【完結】売られた令嬢は最後の夜にヤリ逃げしました〜平和に子育てしていると、迎えに来たのは激重王子様でした〜
義理の妹ミリアムが同じ年の十歳だと知った時、シルヴィーは悟った。
母と同時期に関係を持っていたことを理解した瞬間、鳥肌が立つ。
この時、父への軽蔑の気持ちは忘れはしない。
わずかに残っていた希望は完全に砕け散ってじう。
嫌悪感でいっぱいになり、挨拶をすることなく背を向けた。

(……お父様なんて大嫌い)

シルヴィーと母のせいで、彼のそばにいれなかったのだと義母とミリアムは恨みつらみを吐きかけてくる。
感情のままに暴走する彼女を見て、シルヴィーはドレスを掴んで耐えるしかなかった。
義母は今までの恨みを発散するように文句を吐きかけ続けられたが、あまりにも恐らしくて何も言い返せない。

今までずっと一緒にいてくれた母はもうそばにいない。
この時から伯爵家の中でシルヴィーの居場所はなくなった。
けれど、今はそれでいい。

(お母様を守るためだもの……わたしはどんなことにだって耐えられるわ)

シルヴィーは義母やミリアムの顔色を伺い、とにかく目立たないように過ごしていた。
けれどミリアムからの嫌がらせはひどくなっていくばかり。
侍女や執事たちも庇ってはくれたが、今度は彼女たちの標的になってしまう。
そのシルヴィーが何をしても無視するように頼んだ。
そうすれば彼女たちに手を出さなくなる。
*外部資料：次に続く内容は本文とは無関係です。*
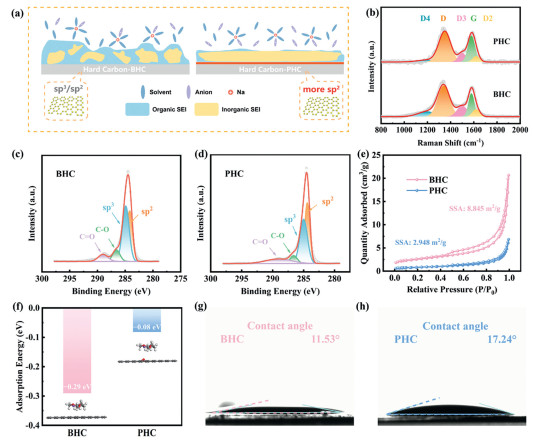 Figure 1.  (a) Diagram of orbital hybridization states formation SEI. (b) Raman spectra of samples. XPS results of (c) BHC and (d) PHC. (e) Nitrogen adsorption-desorption isotherms. (f) Adsorption energy between Na+-G2 group and carbon layer. Contact angle results of electrolyte on (g) BHC and (h) PHC.

彼らを守るためにはこうするしかないのだ。

それにシルヴィーが反抗したり、文句を言うと気に入らないという理由でミリアムに魔法で全部燃やされてしまう。
シルヴィーの部屋にはほとんど何もなくなってしまった。
数着のワンピースを出直ししてリメイクしながら使い回す日々。